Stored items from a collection

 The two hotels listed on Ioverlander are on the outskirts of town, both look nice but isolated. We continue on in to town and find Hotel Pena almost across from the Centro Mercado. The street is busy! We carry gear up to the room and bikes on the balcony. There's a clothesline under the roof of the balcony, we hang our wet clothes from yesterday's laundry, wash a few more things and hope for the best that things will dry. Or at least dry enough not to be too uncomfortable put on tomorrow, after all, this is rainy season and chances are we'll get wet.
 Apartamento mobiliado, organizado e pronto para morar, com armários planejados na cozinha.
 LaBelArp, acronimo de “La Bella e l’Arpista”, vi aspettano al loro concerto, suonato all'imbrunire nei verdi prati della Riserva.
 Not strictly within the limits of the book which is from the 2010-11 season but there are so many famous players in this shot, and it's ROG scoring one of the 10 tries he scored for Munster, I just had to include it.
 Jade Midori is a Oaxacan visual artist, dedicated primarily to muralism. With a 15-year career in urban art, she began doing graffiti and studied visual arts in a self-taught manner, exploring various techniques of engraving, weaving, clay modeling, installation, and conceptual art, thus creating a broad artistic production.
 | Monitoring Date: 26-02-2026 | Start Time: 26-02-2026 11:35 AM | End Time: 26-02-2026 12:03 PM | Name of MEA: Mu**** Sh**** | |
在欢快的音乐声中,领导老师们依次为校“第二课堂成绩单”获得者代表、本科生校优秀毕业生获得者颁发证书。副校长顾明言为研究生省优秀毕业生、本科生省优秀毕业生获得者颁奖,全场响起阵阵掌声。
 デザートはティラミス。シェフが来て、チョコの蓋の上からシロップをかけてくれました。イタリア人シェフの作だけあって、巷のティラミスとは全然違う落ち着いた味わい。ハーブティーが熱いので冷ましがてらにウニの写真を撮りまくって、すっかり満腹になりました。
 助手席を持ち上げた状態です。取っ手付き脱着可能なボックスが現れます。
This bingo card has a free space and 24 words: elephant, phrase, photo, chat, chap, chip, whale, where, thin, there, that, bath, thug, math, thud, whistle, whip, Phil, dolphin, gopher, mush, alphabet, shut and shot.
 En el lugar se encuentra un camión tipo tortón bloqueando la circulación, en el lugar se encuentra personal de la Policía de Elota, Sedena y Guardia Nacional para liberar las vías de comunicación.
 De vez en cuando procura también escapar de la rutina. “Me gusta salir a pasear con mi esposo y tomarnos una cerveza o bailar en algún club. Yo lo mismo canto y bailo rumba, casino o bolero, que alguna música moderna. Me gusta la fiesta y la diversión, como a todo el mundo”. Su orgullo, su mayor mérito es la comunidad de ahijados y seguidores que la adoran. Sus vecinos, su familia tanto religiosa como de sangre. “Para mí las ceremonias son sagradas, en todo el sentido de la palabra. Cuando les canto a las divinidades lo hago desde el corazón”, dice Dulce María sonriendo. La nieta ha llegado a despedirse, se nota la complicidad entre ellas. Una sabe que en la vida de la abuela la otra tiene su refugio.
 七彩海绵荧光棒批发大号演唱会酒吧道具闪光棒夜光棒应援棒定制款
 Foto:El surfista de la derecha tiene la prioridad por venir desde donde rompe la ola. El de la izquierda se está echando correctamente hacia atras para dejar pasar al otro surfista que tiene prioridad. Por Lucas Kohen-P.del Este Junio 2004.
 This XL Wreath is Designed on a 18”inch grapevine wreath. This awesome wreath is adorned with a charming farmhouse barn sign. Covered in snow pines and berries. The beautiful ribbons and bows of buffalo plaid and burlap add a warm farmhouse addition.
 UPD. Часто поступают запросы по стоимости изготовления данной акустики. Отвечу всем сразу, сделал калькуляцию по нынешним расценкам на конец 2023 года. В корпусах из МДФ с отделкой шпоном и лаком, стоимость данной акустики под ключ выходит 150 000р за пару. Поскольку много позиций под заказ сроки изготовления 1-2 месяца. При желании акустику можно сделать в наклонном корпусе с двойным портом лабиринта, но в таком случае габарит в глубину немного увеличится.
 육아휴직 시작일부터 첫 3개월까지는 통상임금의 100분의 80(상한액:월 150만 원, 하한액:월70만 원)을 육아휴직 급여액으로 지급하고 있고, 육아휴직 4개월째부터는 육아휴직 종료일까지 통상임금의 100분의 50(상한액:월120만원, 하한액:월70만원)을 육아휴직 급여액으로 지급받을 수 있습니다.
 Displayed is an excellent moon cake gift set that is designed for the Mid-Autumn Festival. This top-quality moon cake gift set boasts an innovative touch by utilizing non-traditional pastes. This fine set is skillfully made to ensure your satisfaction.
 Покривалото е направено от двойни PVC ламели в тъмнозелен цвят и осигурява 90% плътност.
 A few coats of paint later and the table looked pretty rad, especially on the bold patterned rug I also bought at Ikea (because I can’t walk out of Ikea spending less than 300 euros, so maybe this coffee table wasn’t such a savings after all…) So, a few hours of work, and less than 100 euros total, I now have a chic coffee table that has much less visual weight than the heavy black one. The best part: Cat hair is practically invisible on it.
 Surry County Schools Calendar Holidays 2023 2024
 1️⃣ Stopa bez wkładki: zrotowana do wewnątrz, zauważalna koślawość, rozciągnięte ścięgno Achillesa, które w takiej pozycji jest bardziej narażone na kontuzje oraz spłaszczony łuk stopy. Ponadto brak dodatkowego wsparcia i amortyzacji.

■ WORK ITEM: Copy out the entries. Leave every line exactly as it is.

■ ANSWER:
 The two hotels listed on Ioverlander are on the outskirts of town, both look nice but isolated. We continue on in to town and find Hotel Pena almost across from the Centro Mercado. The street is busy! We carry gear up to the room and bikes on the balcony. There's a clothesline under the roof of the balcony, we hang our wet clothes from yesterday's laundry, wash a few more things and hope for the best that things will dry. Or at least dry enough not to be too uncomfortable put on tomorrow, after all, this is rainy season and chances are we'll get wet.
 Apartamento mobiliado, organizado e pronto para morar, com armários planejados na cozinha.
 LaBelArp, acronimo de “La Bella e l’Arpista”, vi aspettano al loro concerto, suonato all'imbrunire nei verdi prati della Riserva.
 Not strictly within the limits of the book which is from the 2010-11 season but there are so many famous players in this shot, and it's ROG scoring one of the 10 tries he scored for Munster, I just had to include it.
 Jade Midori is a Oaxacan visual artist, dedicated primarily to muralism. With a 15-year career in urban art, she began doing graffiti and studied visual arts in a self-taught manner, exploring various techniques of engraving, weaving, clay modeling, installation, and conceptual art, thus creating a broad artistic production.
 | Monitoring Date: 26-02-2026 | Start Time: 26-02-2026 11:35 AM | End Time: 26-02-2026 12:03 PM | Name of MEA: Mu**** Sh**** | |
在欢快的音乐声中,领导老师们依次为校“第二课堂成绩单”获得者代表、本科生校优秀毕业生获得者颁发证书。副校长顾明言为研究生省优秀毕业生、本科生省优秀毕业生获得者颁奖,全场响起阵阵掌声。
 デザートはティラミス。シェフが来て、チョコの蓋の上からシロップをかけてくれました。イタリア人シェフの作だけあって、巷のティラミスとは全然違う落ち着いた味わい。ハーブティーが熱いので冷ましがてらにウニの写真を撮りまくって、すっかり満腹になりました。
 助手席を持ち上げた状態です。取っ手付き脱着可能なボックスが現れます。
This bingo card has a free space and 24 words: elephant, phrase, photo, chat, chap, chip, whale, where, thin, there, that, bath, thug, math, thud, whistle, whip, Phil, dolphin, gopher, mush, alphabet, shut and shot.
 En el lugar se encuentra un camión tipo tortón bloqueando la circulación, en el lugar se encuentra personal de la Policía de Elota, Sedena y Guardia Nacional para liberar las vías de comunicación.
 De vez en cuando procura también escapar de la rutina. “Me gusta salir a pasear con mi esposo y tomarnos una cerveza o bailar en algún club. Yo lo mismo canto y bailo rumba, casino o bolero, que alguna música moderna. Me gusta la fiesta y la diversión, como a todo el mundo”. Su orgullo, su mayor mérito es la comunidad de ahijados y seguidores que la adoran. Sus vecinos, su familia tanto religiosa como de sangre. “Para mí las ceremonias son sagradas, en todo el sentido de la palabra. Cuando les canto a las divinidades lo hago desde el corazón”, dice Dulce María sonriendo. La nieta ha llegado a despedirse, se nota la complicidad entre ellas. Una sabe que en la vida de la abuela la otra tiene su refugio.
 七彩海绵荧光棒批发大号演唱会酒吧道具闪光棒夜光棒应援棒定制款
 Foto:El surfista de la derecha tiene la prioridad por venir desde donde rompe la ola. El de la izquierda se está echando correctamente hacia atras para dejar pasar al otro surfista que tiene prioridad. Por Lucas Kohen-P.del Este Junio 2004.
 This XL Wreath is Designed on a 18”inch grapevine wreath. This awesome wreath is adorned with a charming farmhouse barn sign. Covered in snow pines and berries. The beautiful ribbons and bows of buffalo plaid and burlap add a warm farmhouse addition.
 UPD. Часто поступают запросы по стоимости изготовления данной акустики. Отвечу всем сразу, сделал калькуляцию по нынешним расценкам на конец 2023 года. В корпусах из МДФ с отделкой шпоном и лаком, стоимость данной акустики под ключ выходит 150 000р за пару. Поскольку много позиций под заказ сроки изготовления 1-2 месяца. При желании акустику можно сделать в наклонном корпусе с двойным портом лабиринта, но в таком случае габарит в глубину немного увеличится.
 육아휴직 시작일부터 첫 3개월까지는 통상임금의 100분의 80(상한액:월 150만 원, 하한액:월70만 원)을 육아휴직 급여액으로 지급하고 있고, 육아휴직 4개월째부터는 육아휴직 종료일까지 통상임금의 100분의 50(상한액:월120만원, 하한액:월70만원)을 육아휴직 급여액으로 지급받을 수 있습니다.
 Displayed is an excellent moon cake gift set that is designed for the Mid-Autumn Festival. This top-quality moon cake gift set boasts an innovative touch by utilizing non-traditional pastes. This fine set is skillfully made to ensure your satisfaction.
 Покривалото е направено от двойни PVC ламели в тъмнозелен цвят и осигурява 90% плътност.
 A few coats of paint later and the table looked pretty rad, especially on the bold patterned rug I also bought at Ikea (because I can’t walk out of Ikea spending less than 300 euros, so maybe this coffee table wasn’t such a savings after all…) So, a few hours of work, and less than 100 euros total, I now have a chic coffee table that has much less visual weight than the heavy black one. The best part: Cat hair is practically invisible on it.
 Surry County Schools Calendar Holidays 2023 2024
 1️⃣ Stopa bez wkładki: zrotowana do wewnątrz, zauważalna koślawość, rozciągnięte ścięgno Achillesa, które w takiej pozycji jest bardziej narażone na kontuzje oraz spłaszczony łuk stopy. Ponadto brak dodatkowego wsparcia i amortyzacji.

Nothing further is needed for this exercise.